These are really delicious, this is the first gluten free recipe that I created myself! They taste exactly like wheat containing gingersnap cookies. These are regulars on my Christmas cookie tray. When I first made them my family couldn't believe that they were gluten free.Plus they freeze really well!
- 1 1⁄2 cups butter
- 2 cups white sugar, plus some for rolling
- 1⁄2 cup molasses
- 2 eggs
- 1⁄2 cup tapioca flour
- 1 cup potato starch (NOT potato flour)
- 2 1⁄2 cups rice flour
- 1 1⁄2 teaspoons xanthan gum, plus
- 1⁄4 teaspoon xanthan gum
- 4 teaspoons baking soda
- 2 teaspoons cinnamon
- 1 teaspoon ginger
- 1 teaspoon clove
- In medium bowl, cream butter, sugar, molasses, and eggs.
- In large bowl combine dry ingredients;stir into butter mixture.
- Refrigerate for several hours.
- Preheat oven to 350°F.
- Scoop out dough, and shape into 1/2 inch balls.
- Roll into granulated sugar.
- Arrange at least 3 inches apart on a baking sheet. (They spread while baking).
- Bake for 5 to 8 minutes. (Baking less time will give you a chewy cookie; baking more will make them crisp).
- Cool on wire racks.
- If desired sprinkle with more granulated sugar.
This is a fabulous recipe! It makes a ton of dough; we actually made the cookies over several sessions because the dough would start melting after it had been out of the fridge for too long. These cookies went so wonderfully with sliced strawberries, we're thinking about converting the recipe into a sort ginger graham cracker-like crust.
The cookie tastes ok, but all I could taste was cloves no ginger. Definitely not what I wanted.

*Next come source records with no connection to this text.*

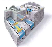
Utbyggt Clab 2008
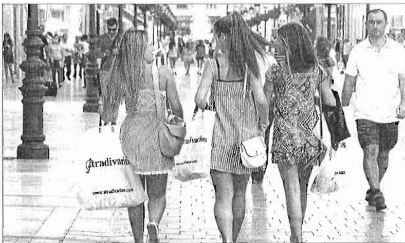
Clientes en el Centro de Málaga durante la campaña de rebajas del pasado verano. ÁLEX ZEA

«Eso hace vislumbrar que este año sea el último que conserve el espíritu real de las rebajas, que tanto tiempo costó definir y consolidar a comerciantes y consumidores», lamentaron. El comercio de proximidad comienza las rebajas confiando en obtener resultados aceptables tras los últimos datos po-
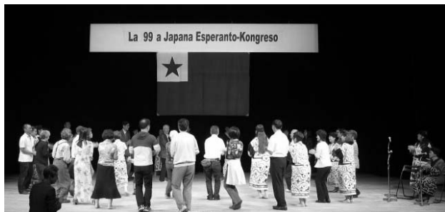
アイヌの伝統舞踏の後に 参加者が舞台上上がり踊りだす

第99回日本エスペラント大会(10月6日～8日、札幌市)が開催され、360人が参加。内訳は、実参加者202、欠席者27、不在参加者131。実参加者のうち、外国からの参加者は26人。盛会のうちに終了しました。
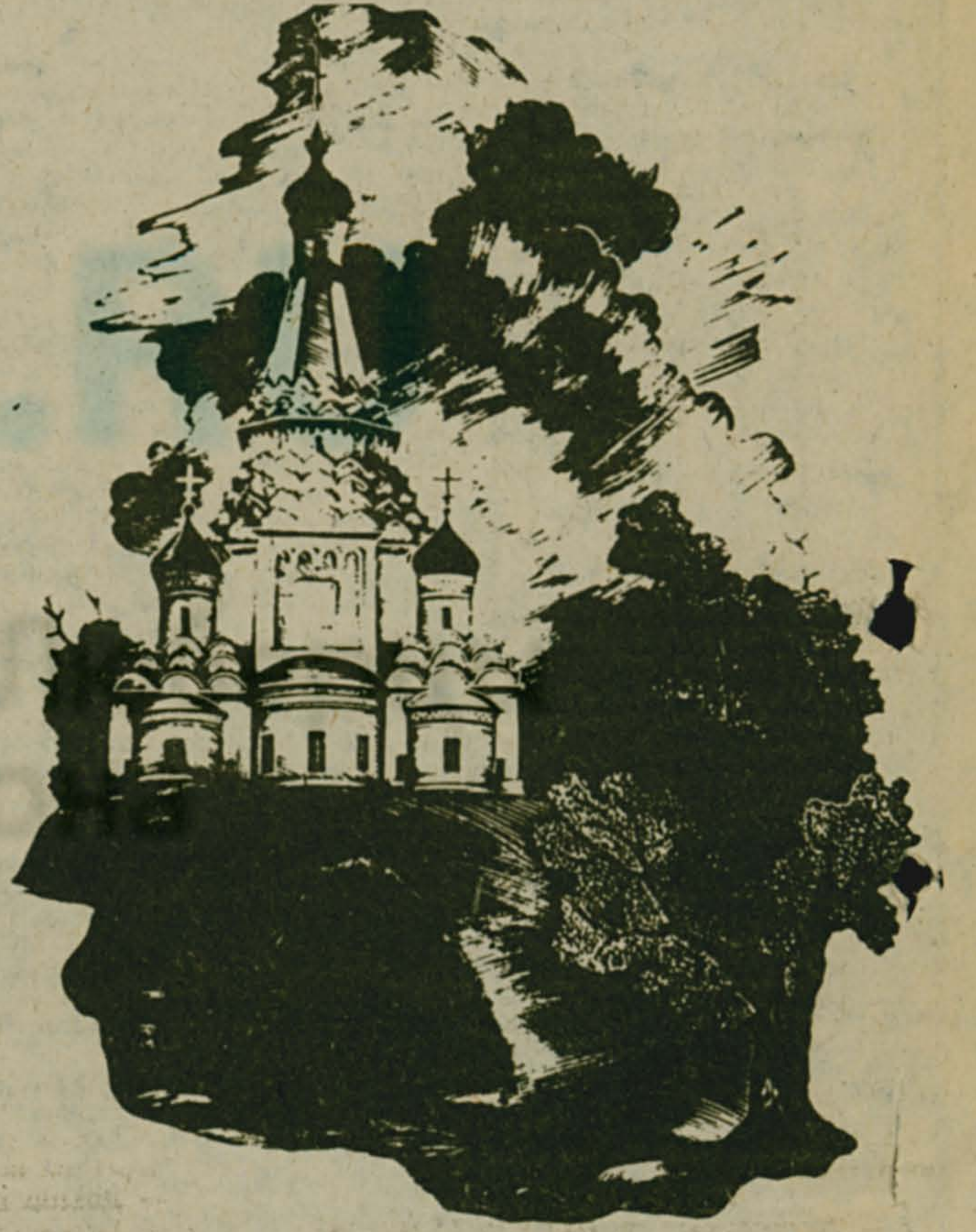
На снимке: храм Преображения в селе Остров. С линогравюры заслуженного работника культуры Российской Федерации Г. П. Воликова.
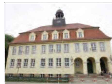
Die Meuselwitzer "Geschwister-Scholl"-Regelschule

Altenburg. Der Tag der offenen Tür der Staatlichen Regelschule & Medienschule „Geschwister Scholl“
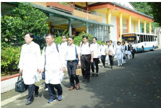
左圖：人醫團隊抵達瑞芳國中進行義診。
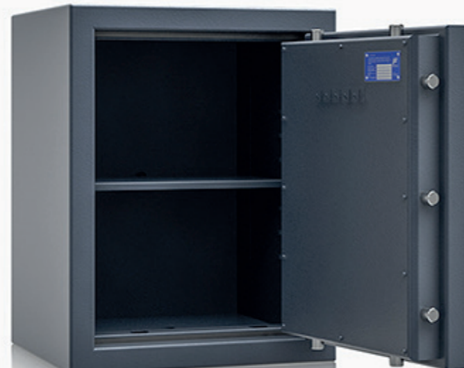
* Modell Ginan3 70

Mechanisches Kombinationsschloss 3390 (Aufpreis – Art. P80120)
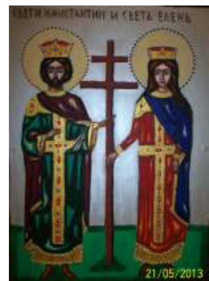
«Св. Константин и Елена»
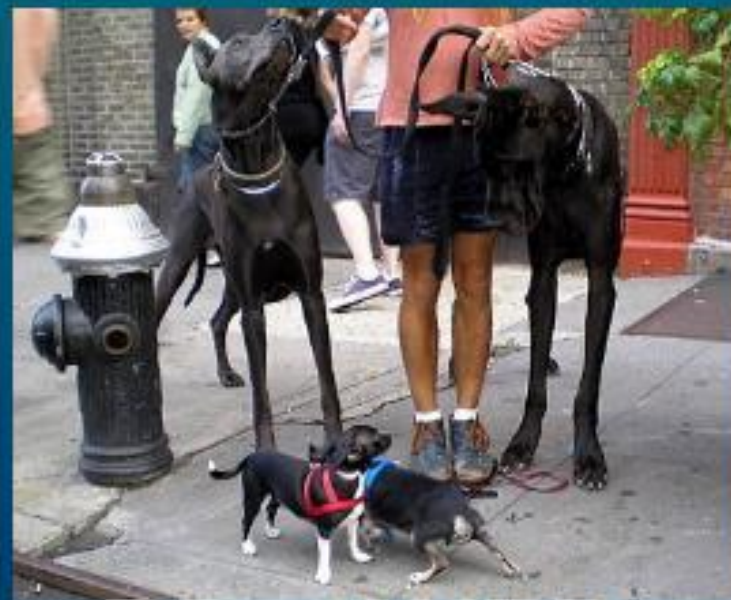
Чихуахуа и доги
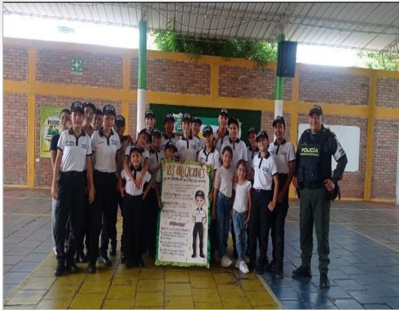
Policía Cívica Sede 1
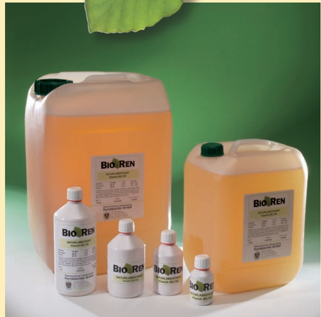
BIOREN® est une marque déposée appartenant à la fabrique autrichienne de présure Hundsbichler GmbH.

Économiquement, la présure naturelle est rentable, car elle vous permet d'obtenir une quantité de fromage optimale.
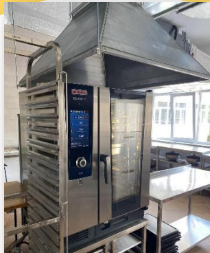
33CO № 284
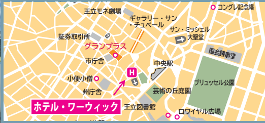
ホテル・ワーウィック
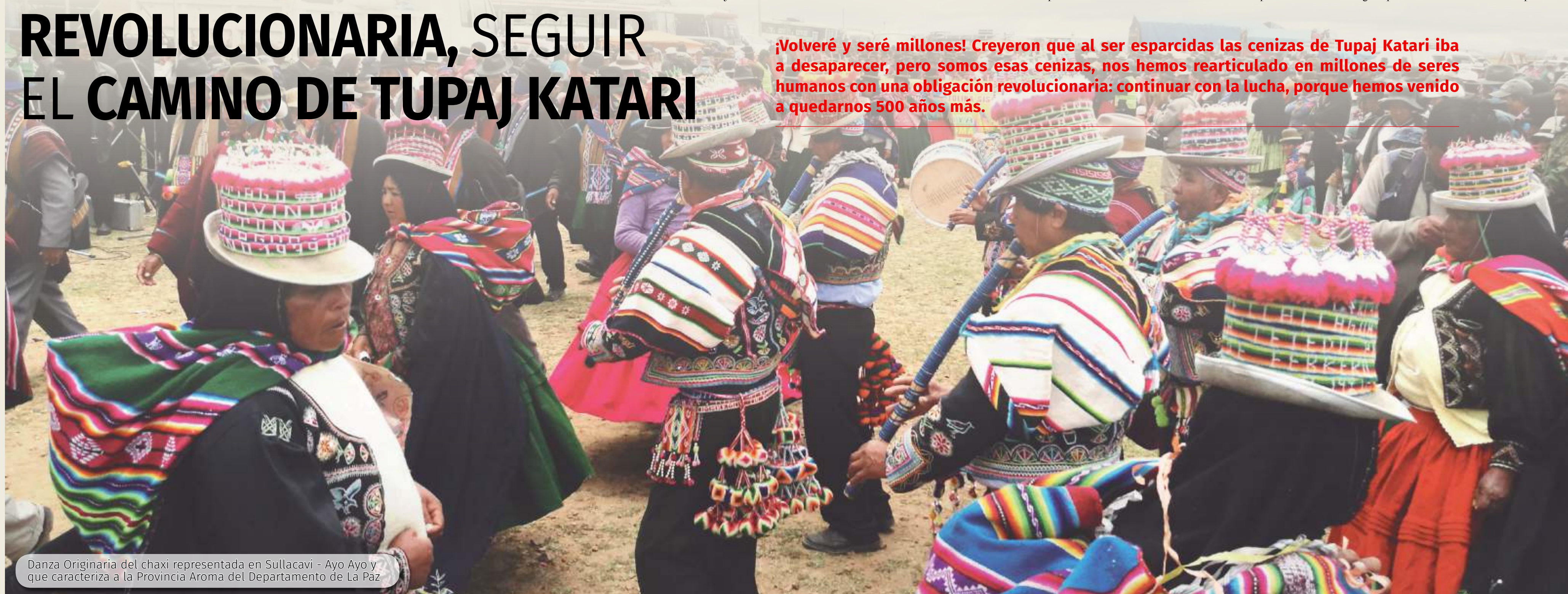
Danza Originaria del chaxi representada en Sullcavi - Ayo Ayo y que caracteriza a la Provincia Aroma del Departamento de La Paz

¡Volveré y seré millones! Creyeron que al ser esparcidas las cenizas de Tupaj Katari iba a desaparecer, pero somos esas cenizas, nos hemos rearticulado en millones de seres humanos con una obligación revolucionaria: continuar con la lucha, porque hemos venido a quedarnos 500 años más.

I've made these several times. I did cut the recipe in half and still had plenty of cookies for myself and to share with family. I used Thai rice flour for the rice flour, as it is ground finer. I found I didn't need to refrigerate the dough, but then my kitchen is always cool. These taste like "regular" gingersnaps, mine were thicker and chewy. Plus these freeze well.